• **Work to complete**
Only the lines from the start of the data through the line with "θ軸粗微動ステージ用の取付穴変換スペーサーです。 |" belong in the copy. Restate them word for word, minus the pictures.

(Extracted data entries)

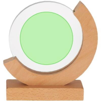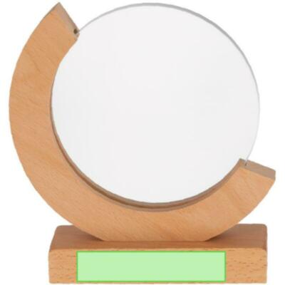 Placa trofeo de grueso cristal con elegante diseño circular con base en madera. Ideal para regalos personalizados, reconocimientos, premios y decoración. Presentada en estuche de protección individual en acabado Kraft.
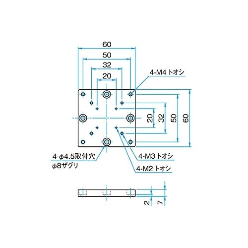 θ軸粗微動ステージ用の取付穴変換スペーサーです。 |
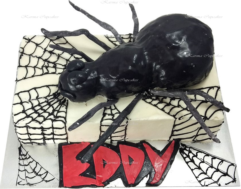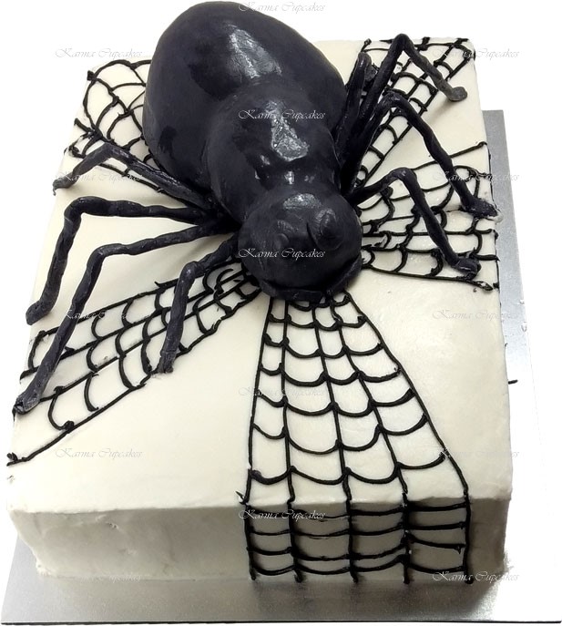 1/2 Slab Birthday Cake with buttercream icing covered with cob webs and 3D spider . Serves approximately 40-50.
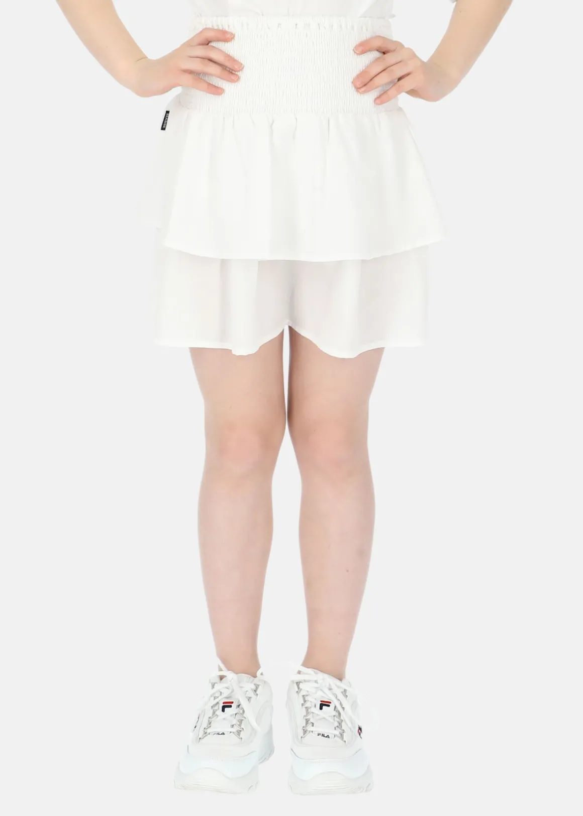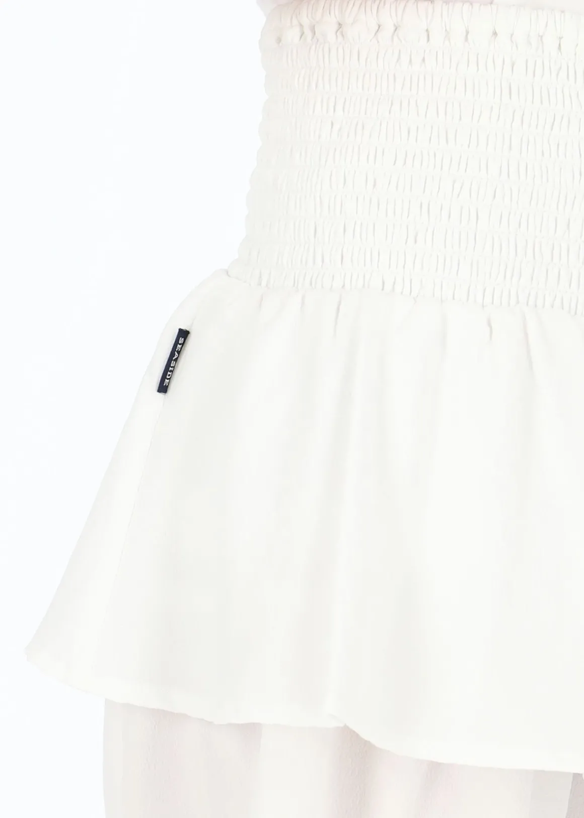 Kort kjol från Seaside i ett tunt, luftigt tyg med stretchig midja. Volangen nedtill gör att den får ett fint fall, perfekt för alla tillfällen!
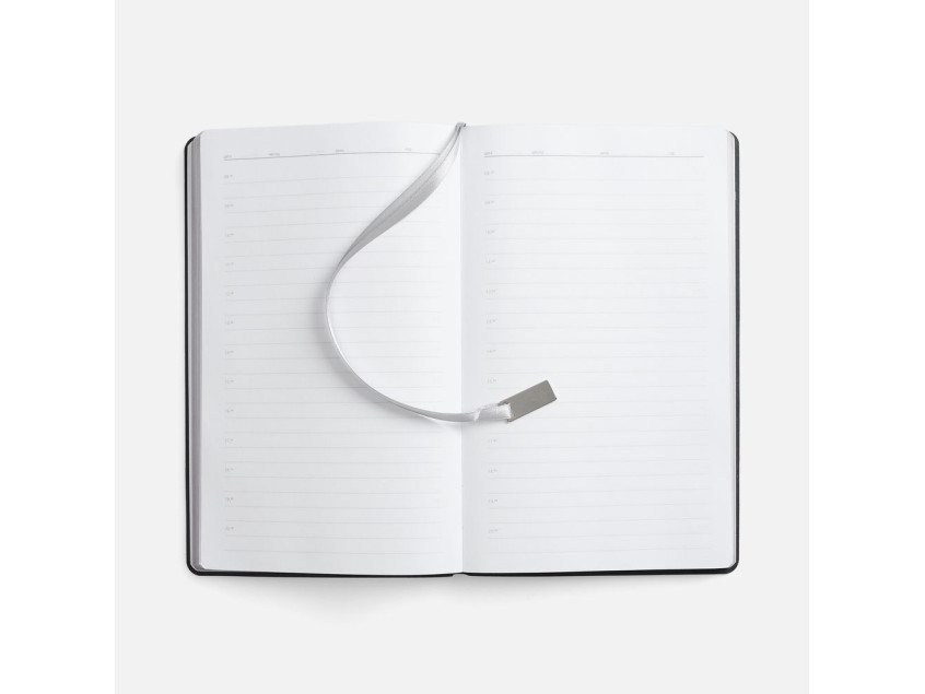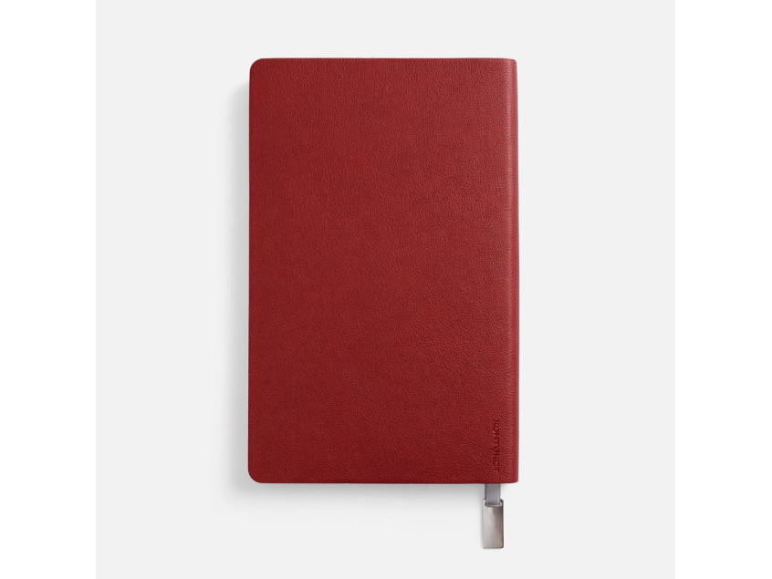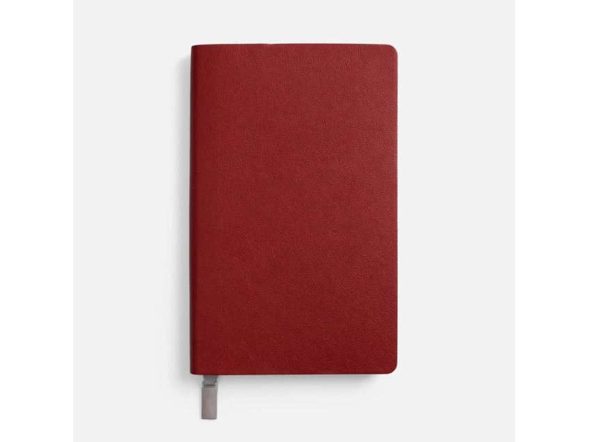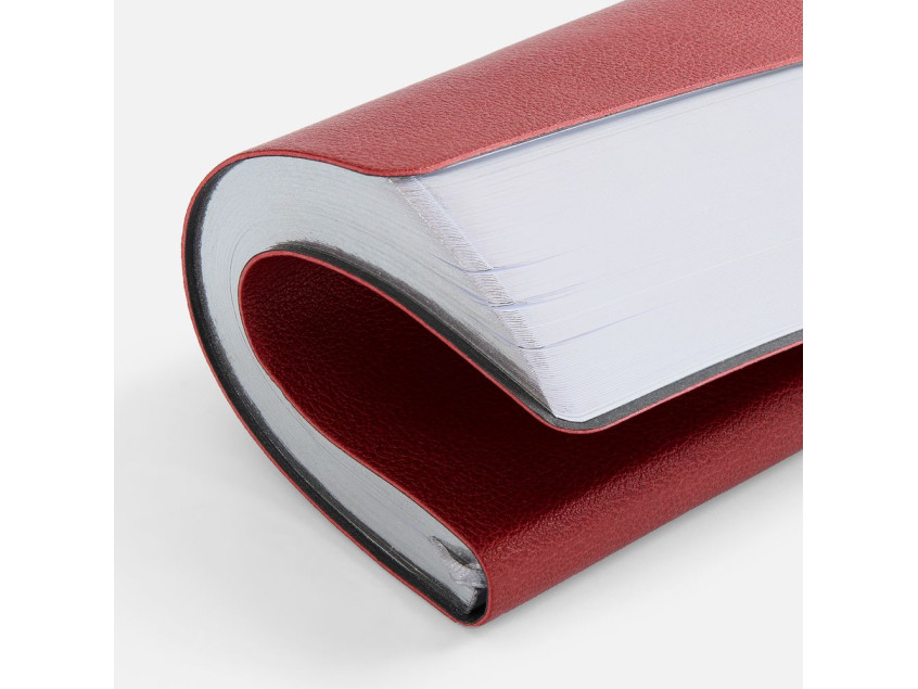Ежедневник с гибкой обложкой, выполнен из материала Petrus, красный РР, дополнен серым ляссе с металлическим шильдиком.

• **Reply to the task**
 Placa trofeo de grueso cristal con elegante diseño circular con base en madera. Ideal para regalos personalizados, reconocimientos, premios y decoración. Presentada en estuche de protección individual en acabado Kraft.
 θ軸粗微動ステージ用の取付穴変換スペーサーです。 |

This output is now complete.